The data
━━━
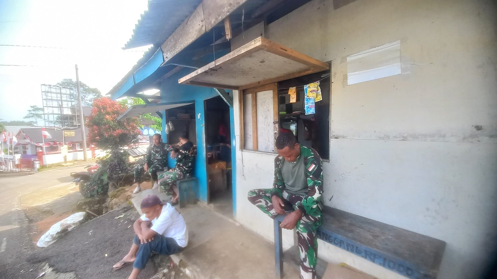 Menjadi rutinitas, beberapa anggota satgas TMMD ke 122 sebelum memulai pekerjaan di sasaran fisik, menyempatkan mampir di warung kopi milik bapak Kirom (57) RT 07/ RW 02 sambil menunggu rekan – rekanya, sekaligus melakukan komunikasi sosial dengan masyarakat setempat.
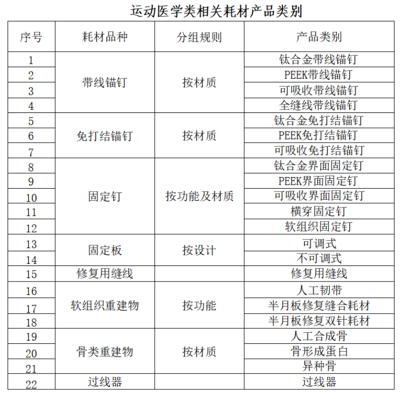 2.運(yùn)動(dòng)醫(yī)學(xué)類相關(guān)耗材: 獲得中華人民共和國(guó)醫(yī)療器械注冊(cè)證的帶線錨釘、免打結(jié)錨釘、界面固定釘、橫穿固定釘、軟組織固定釘、可調(diào)式固定板、不可調(diào)式固定板、修復(fù)用縫線、人工韌帶、半月板修復(fù)縫合耗材、半月板修復(fù)雙針耗材、人工合成骨、骨形成蛋白、異種骨、過(guò)線器。
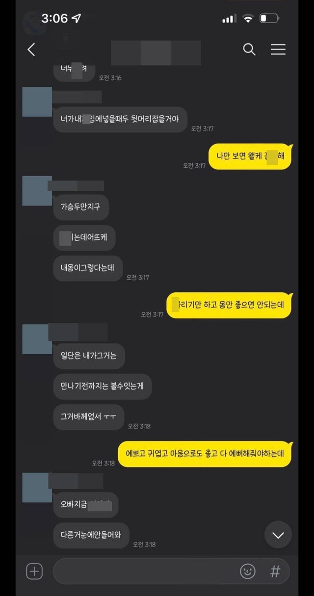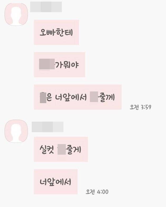 A씨는 여섯 번째 여성에게 "너무 X려", "너가 내 XX 입에 넣을 때도 뒷머리 잡을 거야", "가슴도 만지고", "X리는데 어떡해", "내 몸이 그렇다는데", "오빠 지금 X있다", "다른 거 눈에 안 들어온다" 등의 메시지를 보냈다.
━━━
Apart from the images, every line above needs to be printed again exactly.

 Menjadi rutinitas, beberapa anggota satgas TMMD ke 122 sebelum memulai pekerjaan di sasaran fisik, menyempatkan mampir di warung kopi milik bapak Kirom (57) RT 07/ RW 02 sambil menunggu rekan – rekanya, sekaligus melakukan komunikasi sosial dengan masyarakat setempat.
 2.運(yùn)動(dòng)醫(yī)學(xué)類相關(guān)耗材: 獲得中華人民共和國(guó)醫(yī)療器械注冊(cè)證的帶線錨釘、免打結(jié)錨釘、界面固定釘、橫穿固定釘、軟組織固定釘、可調(diào)式固定板、不可調(diào)式固定板、修復(fù)用縫線、人工韌帶、半月板修復(fù)縫合耗材、半月板修復(fù)雙針耗材、人工合成骨、骨形成蛋白、異種骨、過(guò)線器。
 A씨는 여섯 번째 여성에게 "너무 X려", "너가 내 XX 입에 넣을 때도 뒷머리 잡을 거야", "가슴도 만지고", "X리는데 어떡해", "내 몸이 그렇다는데", "오빠 지금 X있다", "다른 거 눈에 안 들어온다" 등의 메시지를 보냈다.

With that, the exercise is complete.